■ INPUT DATA:
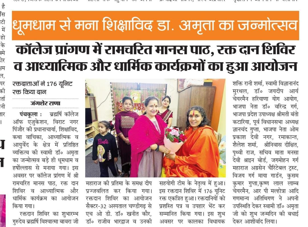Swami Dr. Amrita is a Sanyasi, Hindu educationist, social worker and spiritual yoga master. Sheis known for her work in the field of women empowerment through education in rural India and providing free residential education to needy rural deserving boys since1998, for which she has been awarded various state and public honors from time to time. She is Chairperson of Brahmrishi College of Education and Administrator of Sri Ram Nanda Brahmrishi Sanskrit College and Manages Vishva Shiksha Niketan Hostel (Free of Cost). She is particularly known for her narration and oration of Sri Ram Katha and Srimad Bhagwad Katha in India. She has also worked for adolescent criminals in jails of India and taught them yoga and meditation processes for their overall betterment.
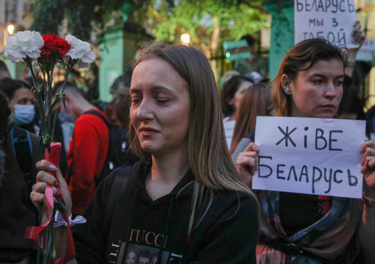 Задержали женщину, которая спросила полицейских, что происходит, когда они стали проверять документы у двух людей с бело-красно-белыми флагами, — говорится в публикации, которая обновилась в 16:55.
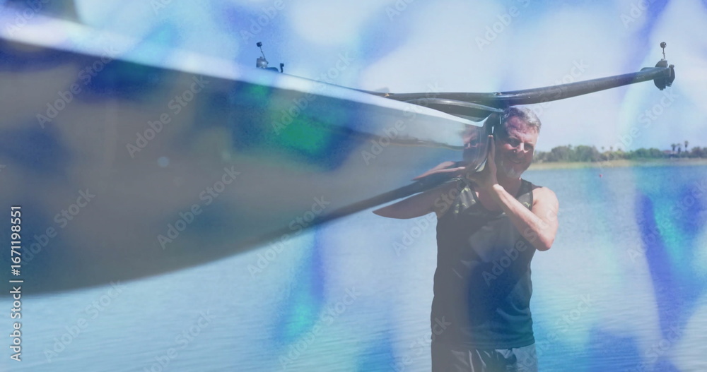 Holding senior athlete in dark top lifting white racing shell on shoulder at lakeshore copy space

■ BRIEF: Would you give the data above again word for word, minus the pictures?

■ RESPONSE AREA:
Swami Dr. Amrita is a Sanyasi, Hindu educationist, social worker and spiritual yoga master. Sheis known for her work in the field of women empowerment through education in rural India and providing free residential education to needy rural deserving boys since1998, for which she has been awarded various state and public honors from time to time. She is Chairperson of Brahmrishi College of Education and Administrator of Sri Ram Nanda Brahmrishi Sanskrit College and Manages Vishva Shiksha Niketan Hostel (Free of Cost). She is particularly known for her narration and oration of Sri Ram Katha and Srimad Bhagwad Katha in India. She has also worked for adolescent criminals in jails of India and taught them yoga and meditation processes for their overall betterment.
 Задержали женщину, которая спросила полицейских, что происходит, когда они стали проверять документы у двух людей с бело-красно-белыми флагами, — говорится в публикации, которая обновилась в 16:55.
 Holding senior athlete in dark top lifting white racing shell on shoulder at lakeshore copy space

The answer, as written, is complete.